_Supplied material_.
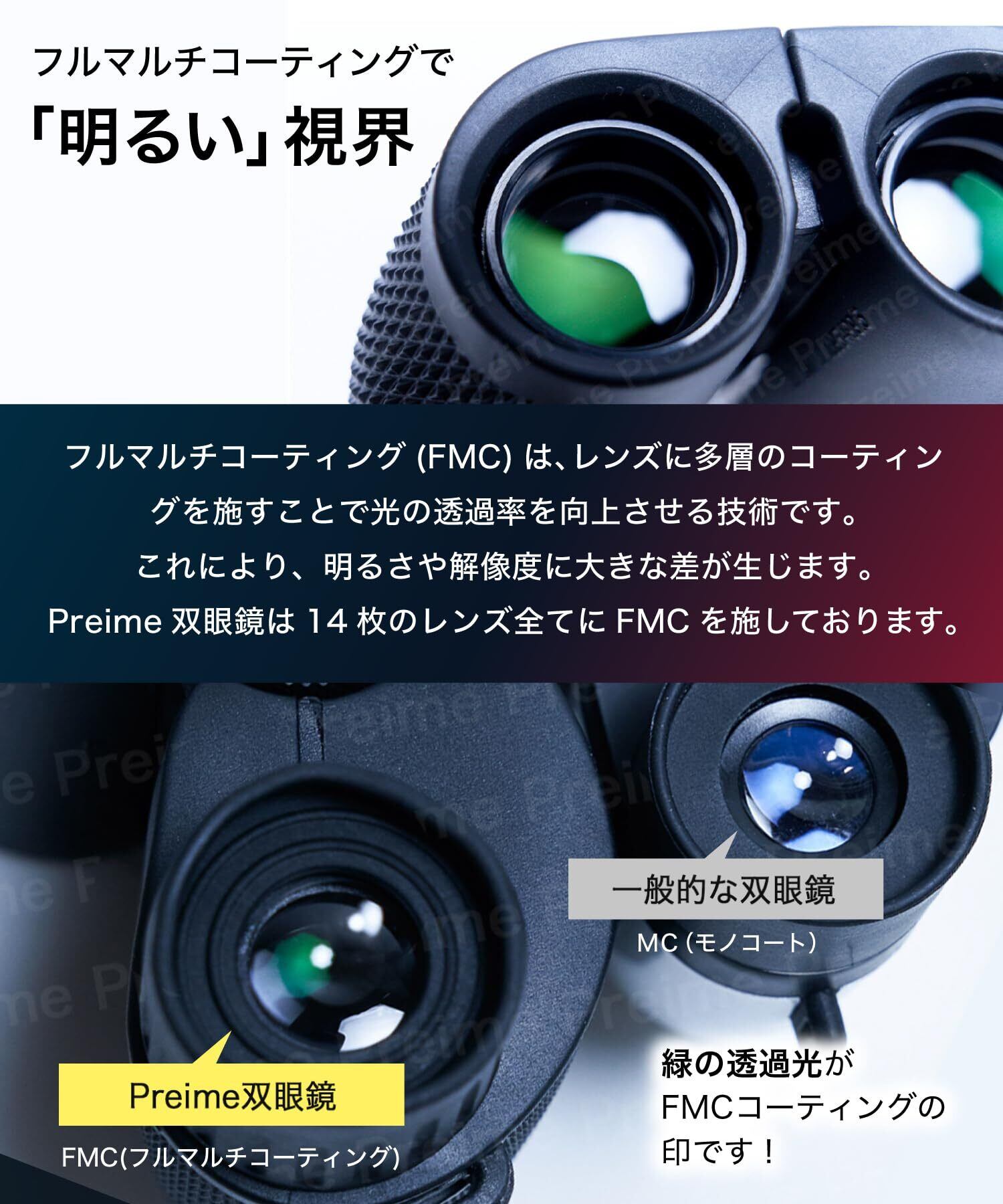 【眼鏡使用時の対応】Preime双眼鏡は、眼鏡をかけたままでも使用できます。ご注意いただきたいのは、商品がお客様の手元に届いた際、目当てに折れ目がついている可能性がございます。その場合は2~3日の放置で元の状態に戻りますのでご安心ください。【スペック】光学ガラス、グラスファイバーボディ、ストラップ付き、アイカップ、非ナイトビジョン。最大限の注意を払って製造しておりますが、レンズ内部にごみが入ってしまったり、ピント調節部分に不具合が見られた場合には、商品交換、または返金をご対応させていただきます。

==

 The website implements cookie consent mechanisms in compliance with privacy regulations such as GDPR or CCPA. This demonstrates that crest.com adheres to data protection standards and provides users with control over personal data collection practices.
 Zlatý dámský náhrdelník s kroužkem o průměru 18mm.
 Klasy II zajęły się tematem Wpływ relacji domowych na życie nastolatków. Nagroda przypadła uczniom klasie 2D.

_The problem_.
Look above for the line with "Zlatý dámský náhrdelník" and the line with "Klasy II zajęły"; transcribe both and all lines in between, exactly, and nothing else.

_Output_.
 Zlatý dámský náhrdelník s kroužkem o průměru 18mm.
 Klasy II zajęły się tematem Wpływ relacji domowych na życie nastolatków. Nagroda przypadła uczniom klasie 2D.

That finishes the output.